However, Gemma 4 took quite some time to conclude this. It explained things properly and even walked through a rotated example.

Although it is a helpful response, it would be nice to get a more straightforward answer similarly to the Strawberry Test.

The Broken Cup Test

This is Konark's favorite test, in which he asked Gemma 4: “I have a metal cup with the bottom missing and the top sealed. How can I use this cup?”

The simple answer would be "Rotate the cup. And suddenly, it becomes usable again.".

However, Gemma 4 did not really understand the trick. Instead, it started suggesting alternative ways to use the object.

Although it is creative, it is not entirely correct.

On the other hand, Gemini understood the trick faster and then even expanded on practical uses.

Overall, Gemma 4 still struggles with certain trick questions and edge-case reasoning.

Konark's Verdict on Gemma 4

This is Konark's verdict of using Gemma 4.

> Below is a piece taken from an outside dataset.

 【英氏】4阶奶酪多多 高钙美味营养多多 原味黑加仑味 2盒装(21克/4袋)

After playing around with both models, I reached a simple conclusion.

Gemma 4 feels good for:

learning

content generation

straightforward explanations

slower, detailed responses

Gemini feels better for:

trick questions

quick reasoning

direct answers

faster conclusions

And honestly, both have their place.

Sometimes I want a detailed explanation.

Sometimes I just want: “Bro, just give me the answer.”

And that matters.

Because developers don’t always want essays. Sometimes we just want the bug fixed.

This is important to consider when you want to use Gemma 4. Sometimes, we just want a simple answer to the issue we are trying to solve. Of course, prompting varies and this is Konark's experience using Gemma 4 so it can be different from others.

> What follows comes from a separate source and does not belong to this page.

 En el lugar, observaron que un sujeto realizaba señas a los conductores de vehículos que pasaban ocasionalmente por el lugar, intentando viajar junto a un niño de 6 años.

Speaking of prompting, AI is used to prototype projects in development! We now transition to Julien's experience on using Gemma 4 when it comes to prototyping a project and how it compares to what he usually uses, which is Codex!

Building a Prototype using Gemma 4

Julien Avezou

Builder | Software Engineer | Author of The Thinking Engineer Toolkit

Julien planned on using AI to create a fast prototype.

He was curious about how Gemma 4 performs compared to his usual setup, Codex (GPT 5.4).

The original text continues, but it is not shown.